Kitchen cabinets in the showroom

After I paid for the cabinets, which have a very respectable 4-6 week production time and are made in Wisconsin, the salesman gave me a capsule summary of the typical life expectancy of kitchen cabinets, based on the 25 years he’s been selling them.  He said most people move every 7 years and most cabinets “start to look tired” after about 15 years.

What was stunning to me was how often he said most people move. I suppose I significantly alter the typical statistic, with my move coming after being in the same house for 30 years.  But then again, my marriage was also one that was about to celebrate its 41st anniversary.  Same house, same kitchen cabinets there, installed about 15 years ago,  and same husband for almost 41 years.

I think all those numbers are unusual today.

The foyer chandelier

The prior owners of the apartment that I purchased moved back to France.  They left behind this chandelier.  It’s visually striking (some may say weird) and also pretty contemporary in design.  It’s not anything I would ever have picked out.

Each time I went to the apartment, after the closing and after the prior owners had moved out, I confronted my decision on whether or not I should keep it.  It would be hard not to confront that decision.  The chandelier is in your face the minute you walk in the door and, although it was a dramatic presence when the apartment was furnished, now that it was empty, the chandelier seemed to take over.

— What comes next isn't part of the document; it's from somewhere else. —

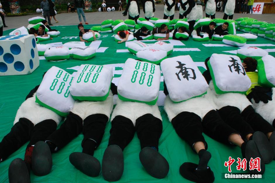 Hundreds of 'giant pandas' play mahjong in Jiuzhaigou, SW China (3)

I changed my mind continuously.  One visit, my right brain would argue that it was simply too modern for the traditional pieces of furniture eventually coming out of storage from my husband’s and my 1870 Brooklyn brownstone.  On another visit, my left brain would insist that the future can exist with the past, that the future is good and should be embraced.

The futuristic voice in my head favoring keeping the chandelier also had the support of  another internal thought lobbyist.  I’ve always believed in the idea that we never really own these houses or apartments we might buy.  We simply reside in them for some time and then pass them along, hopefully in better shape than we found them.  If you buy into that philosophy, there’s something nice about having something of its past history around.  The funky chandelier would certainly accomplish that.

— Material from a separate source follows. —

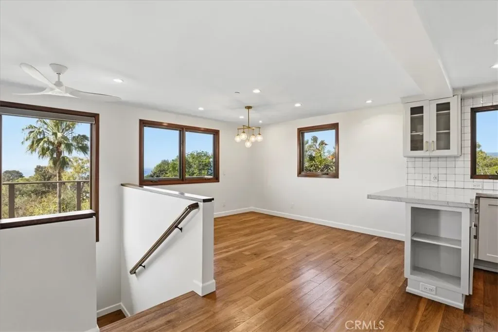 Welcome to coastal living at its finest in the heart of Laguna Beach. This exceptional residence offers a rare combination of ocean views, comfort, and everyday convenience in the highly sought-after Village neighborhood. The home features five bedrooms and three-and-a-half bathrooms—a rare offering in Laguna Beach—thoughtfully designed for both comfortable family living and effortless entertaining. On the top level, a light-filled living room showcases stunning Pacific Ocean views through a wall of windows and features rich hardwood flooring and a cozy fireplace, creating a warm and inviting gathering space. The gourmet kitchen is appointed with quartzite countertops, custom cabinetry, and stainless-steel appliances—perfect for preparing meals while staying connected with family and guests. Multiple outdoor spaces—including Brazilian Ipe hardwood view decks on all three levels—provide ideal settings for relaxing, dining, and enjoying the coastal breeze. The flexible floor plan includes three bedrooms on the main living level, including a primary suite featuring a spa-inspired bathroom with an ocean-view soaking tub, walk-in closet, and direct access to a peaceful outdoor deck.

The contractor’s crew took down the chandelier on their first day working in the apartment to protect it while I made up my mind.  They put it temporarily in the bathtub in the guest bathroom where it sits, much less dramatically, on a piece of old carpet awaiting my ‘thumbs-up’ or ‘thumbs-down’ decision.

I decided, about a week ago, to keep it, and cast my vote with that part of me willing to embrace the future along with the past.  I think it was the right decision.

“What do you want to do with this?” the contractor asked me on Friday, as he pointed to a cavity in the exterior, north-facing, kitchen wall underneath the window.  It was about 12″ x 12″x 4″ deep, although I was reluctant to stick my hand in to get a precise depth measurement and risk having it shredded by the somewhat menacing-looking crumpled tin.

Ice Box in the Wall

“What is it?” I asked. “Probably a place where they stored ice.  We can reline it,  and put a small cabinet door on it, if you want to keep it.”  I most certainly did!  I have renamed it the wine cellar.  I immediately saw it as a nice place to keep a bottle or two of wine, flanked by 10″ thick masonry walls and benefiting from the blasts of cold wind that would certainly blow in from the north on cold days.

There are a few other treasures from the past here.  Each of the bathrooms has a small button (the one in the Master bath is located to the left of the door and looks to be made of mother of pearl; the one in the second bathroom has been painted over), which presumably summoned the maid.  Everyone who walks into the Master bath always presses it, but its ring has been long silenced.

There is also an outlet of some sort in the middle of the dining room floor (and under any dining room table, past or future) which we assumed connected to some device you stepped on to also request the maid to come.  Perhaps if I ever succumb and set up a Fresh Direct account, I can wire the bells and buzzer to them.